Walking around the show floor at MacWorld shows the difference between the Mac and PC markets. There was the new Mac version of Office of course, Office 2008, which combines the logically arranged big icons of 2007 Office with the menus of every other version, adding the SmartArt and XML file formats without making a fuss about them. There was Bento, the build-your-own-catalogue tool for people who find FileMaker too complicated. There was Parallels, making an excellent business of putting Windows onto the Mac.

And then there were the colours. You can thank the Mac market for the different colour cases for iomega’s portable eGo hard drives, because Mac users are used to colours. We saw whale-print neoprene laptop sleeves, embroidered neoprene laptop sleeves, oversize purple leather handbags designed to take notebooks and more rubber, leather, plastic and metal iPod and iPhone cases than you could shake an unlocked iPhone at. Whatever your tastes in technology as personal jewellry, there’s a case to suit.

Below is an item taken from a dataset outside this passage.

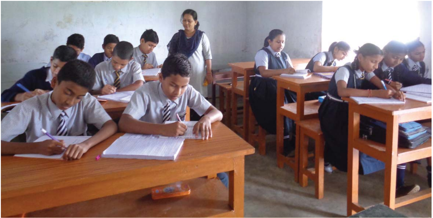
Trainee Teachers of Centre for Teacher Education during Internship Programme in School

It’s great to see so much style; when I bought my Portégé 2000 back in 2001, I hunted high and low for a stylish, small case that didn’t make me feel like a corporate drone. I had to go to a Japanese stationery store in San Jose to find a protective sleeve and even then it was black. Now, whether your heart’s desire is a MacBook Air – the first Apple notebook in a very long time that you can truly call ultraportable – or a 17” MacBook Pro that needs its own wheeled suitcase, you can snap on a red cover or stick on a Van Gogh skin.

If your heart’s desire is a touchscreen Mac, that’s not quite as easy. You have to take your Mac to Axiotron and have it undergo major surgery to add a Wacom layer and remove the keyboard. (And if you want to use it in portrait mode, run BootCamp and Vista on it, as Apple hasn’t built screen rotation into the Leopard graphics drivers). If your heart’s desire is a MacBook Air and a second battery, you either need to be very skilled with a screwdriver (and we wouldn’t advise doing it on a transatlantic flight) or you have to go to BatteryGeek and buy an external battery that plugs into the MagSafe power port. You’ll have to wait until they make a new tip for the new MagSafe connector for the Air; Apple hasn’t licensed them the details of the MagSafe connector so they’re reverse engineering it, along with Nokia and dozens of other connectors.

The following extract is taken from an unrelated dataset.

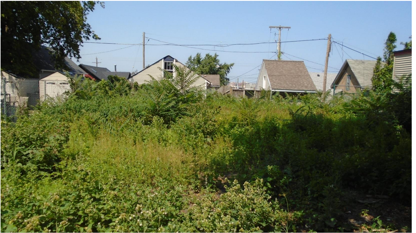
Rear yard looking north

If your heart’s desire is a 7” ultramobile, or a computer built right into a TV screen rather than an extra box (no matter how stylish the box), or any other niche form factor, there isn’t a Mac for you. That’s not a criticism of Apple; Apple is making computers for the largest audience it can get. It can’t afford to be HP, Dell, OQO, Motion Computing and Asus rolled into one. Apple isn’t going to license the Mac OS (or lets VMWare and Parallels virtualise it on non-Mac hardware) because that means supporting a lot of different hardware and writing a lot of different drivers. The choice isn’t what style of machine, it’s which Mac and what colour accessories.

The PC market is about choice in a different way. The Toshiba Portégé R500 is lighter than the Air even with an optical drive in the case and as thin as the thickest slice of the Air; it doesn’t look nearly as sleek but it was available last summer, and it wasn’t the first ultraportable PC, just the lightest one so far. Hardly any of them have looked as good as a Mac and while you can get stick-on skins for every HP laptop – and the new Artist’s Edition has gorgeous colours and designs printed right into the case – you can’t get a purple brushed metal clip-on case custom built to fit. By definition, Mac users don’t need the range of hardware choice you get with the PC (or they’d have bought a PC instead) and PC users will continue to envy Mac users their stylish design and colourful accessories

At least the lime-green neoprene sleeves will look good on my shiny white Toshiba R400 tablet…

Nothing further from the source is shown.